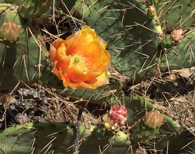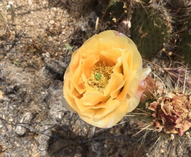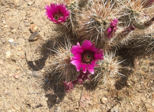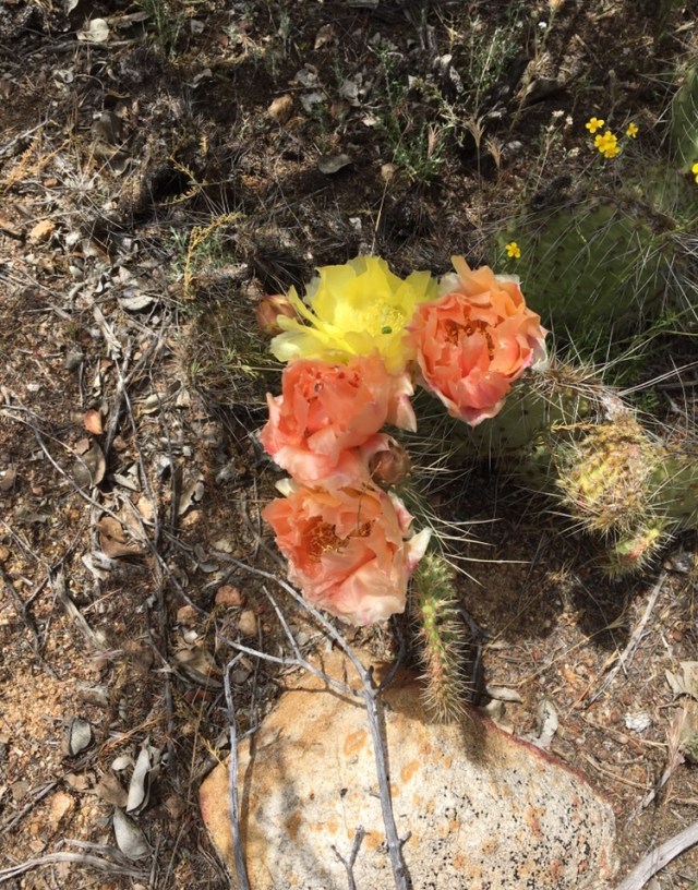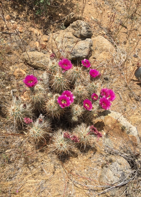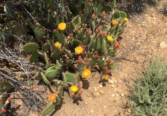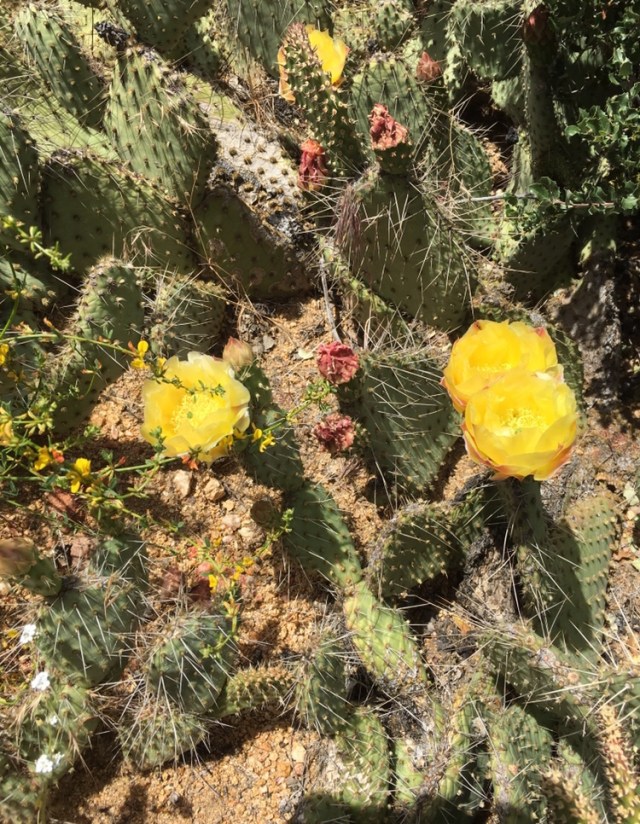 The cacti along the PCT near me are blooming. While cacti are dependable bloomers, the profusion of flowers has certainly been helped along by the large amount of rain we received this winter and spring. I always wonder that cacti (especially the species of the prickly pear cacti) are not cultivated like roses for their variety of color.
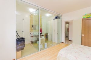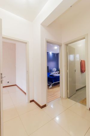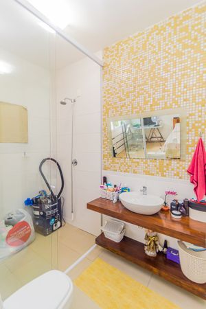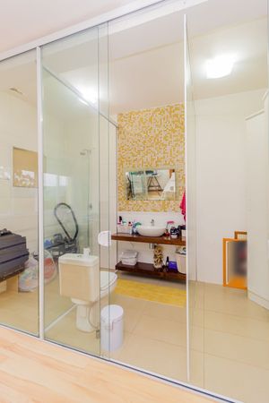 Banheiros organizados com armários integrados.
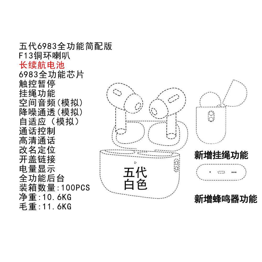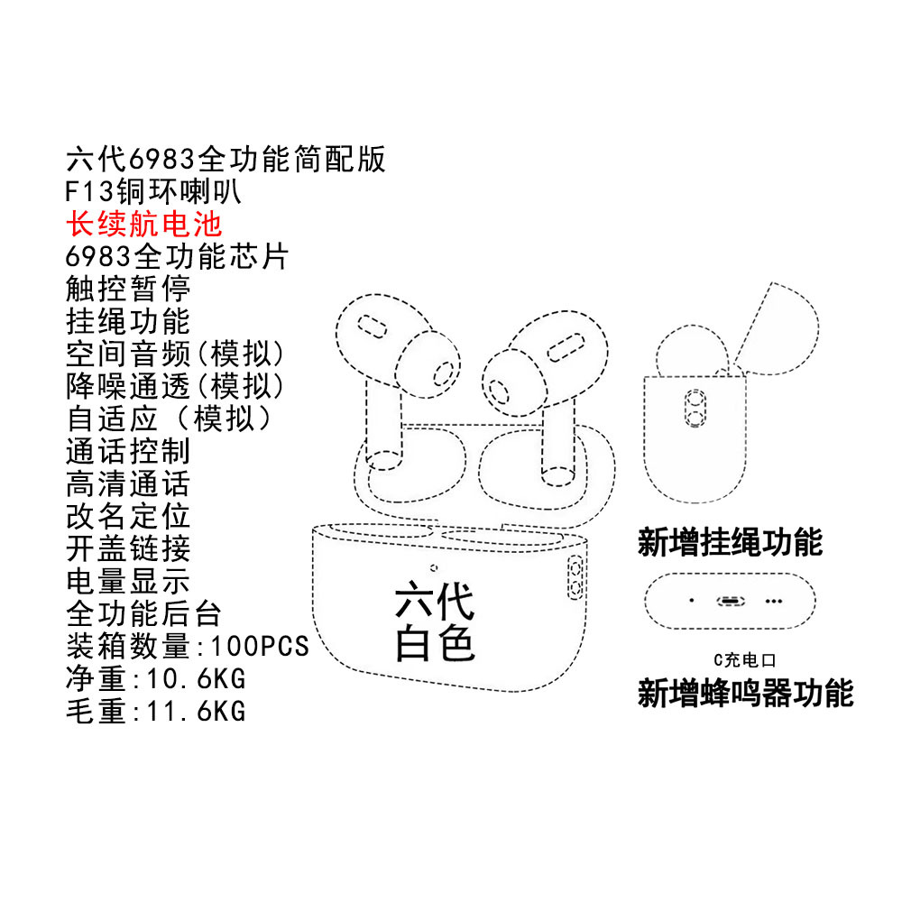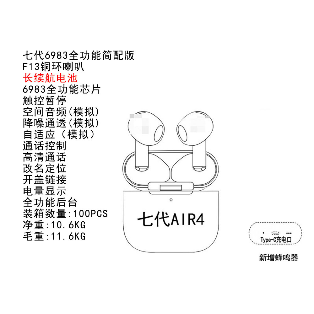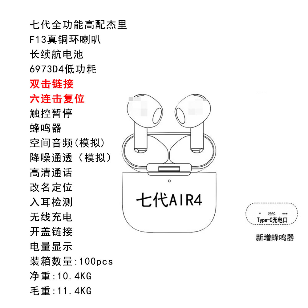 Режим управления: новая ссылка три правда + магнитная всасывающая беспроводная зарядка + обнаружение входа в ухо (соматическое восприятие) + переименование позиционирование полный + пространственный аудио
----
> TRY IT
Pictures stay out. Copy exactly, and only, the lines from the one containing "Banheiros organizados com" through the end of the data.

> WRITTEN SOLUTION
 Banheiros organizados com armários integrados.
 Режим управления: новая ссылка три правда + магнитная всасывающая беспроводная зарядка + обнаружение входа в ухо (соматическое восприятие) + переименование позиционирование полный + пространственный аудио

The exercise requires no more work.